The subgingival microbiota of MIPP subjects indicates a unique collection of organisms that differs significantly from that of periodontally heathy individuals. Of those microorganisms, the highly virulent JP2 genotype of A. actinomycetemcomitans (JP2 clone) shows a strong association with MIPP pathogenesis (8). Furthermore, 78%- 83% of African American children diagnosed with MIPP posess the JP2 genotype (8, 9).

A. actinomycetemcomitans possesses various virulence factors that modulate host defense activity. Among these, the production of leukotoxin A (Ltx), which is expressed on the bacterial cell wall and also secreted, has been highlighted as a key virulence factor. This cell-specific leukotoxin induces cytolysis of human polymorphonuclear leukocytes and peripheral monocytes, thereby disabling host immune defenses and allowing the microbe to evade destruction (8, 10). Whereas all A. actinomycetemcomitans clones maintain a similar transcriptional organization, the JP2 Ltx operon possesses a unique 530 base pair deletion sequence that sanctions robust Ltx production (10 to 20 times more than the non-JP2 strain) (8, 11).

Lymphocyte function-associated antigen-1 integrin (LFA-1) is believed to be the functional receptor for Ltx. LFA-1 is a transmembrane glycoprotein on the leukocyte surface that serves both as an adhesion molecule and signaling receptor. It is one of the four members of the β2-integrin family and is made up of two non-covalently linked subunits: CD11a and CD18 (12). In particular, the CD18 intermediate area is required for leukotoxin binding and the toxic effect on lymphocytes (13).
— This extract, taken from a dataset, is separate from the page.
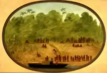 Samuel Fritz and other missionaries began concentrating the scattered indigenous communities into Jesuit reductions in order to facilitate religious indoctrination and protect them from enslavement by the Portuguese, but smallpox devastated the population, leaving the region of the upper Solimões uninhabited.[6] In 1745 Charles Marie de La Condamine wrote in his Relation abrégée d'un voyage fait dans l'intérieur de l'Amérique Méridionale,[15][16] that of the 30 Omagua villages marked on Fritz's 1707 map, he saw only ruins, adding that "all the inhabitants, frightened by the incursions of a group of bandits from Pará, who came to enslave them in their own lands, dispersed into the forest and the Spanish and Portuguese missions."[16] Throughout the eighteenth century and until slavery was officially outlawed in Brazil in 1888, forced labor programs destroyed indigenous communities, compelling the natives to abandon their ethnic traditions and adopt the identity of caboclos (settlers of mixed race).[1] By the late 1980s, it was assumed by many ethnographers such as Betty Jane Meggers that the Cambeba were extinct.[17]
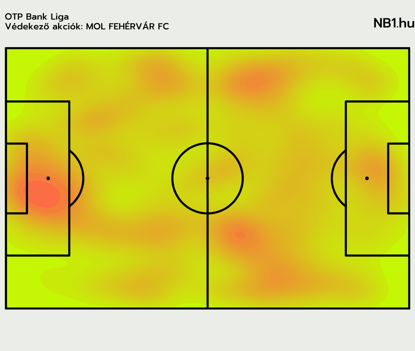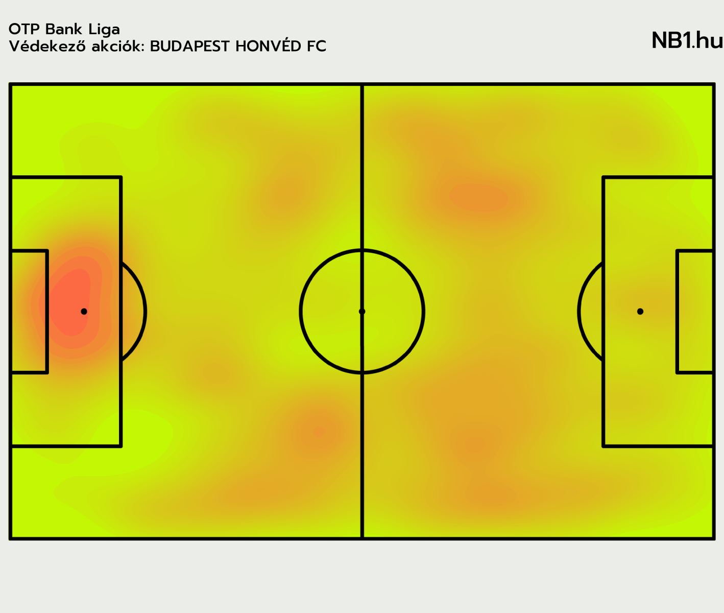 Ezzel nincsenek egyedül, hasonló hőtérképpel rendelkezik például az a Kecskemét is, amely viszont magasabb minőségű helyzetek ellen jóval hatékonyabban védekezik, ők meccsenként 1,74 várható kapott gólra átlagosan alig egyet kapnak.

Neutrophils (neutrophilic polymorphonuclear leukocytes; PMNs) employ several mechanisms to kill invading pathogens, including phagocytosis, release of neutrophil extracellular traps and production of reactive oxygen species (ROS) (14, 15). They are the most abundant leukocytes in the blood and serve as the key player of the non-specific immune response, being the first line of defense against invading microorganisms, with multiple roles in maintaining body homeostasis (7, 16). They have been described as “double-edged swords” in the periodontium, capable of producing tissue damage in periodontal disease, as well as protecting against disease-associated tissue destruction (17). Studies report that compromised neutrophil function predisposes an individual to periodontitis (10, 16, 18). These findings were further corroborated by investigations into various systemic conditions that exhibited impaired peripheral neutrophil function, which also present with severe and early onset forms of periodontitis. These include Chediak–Higashi syndrome, cyclic neutropenia, leukocyte adhesion deficiency, Papillon–Lefevre syndrome (19), Down’s syndrome and diabetes mellitus (16). Such observations highlight the importance of altered neutrophil function in the pathogenesis of periodontitis (7).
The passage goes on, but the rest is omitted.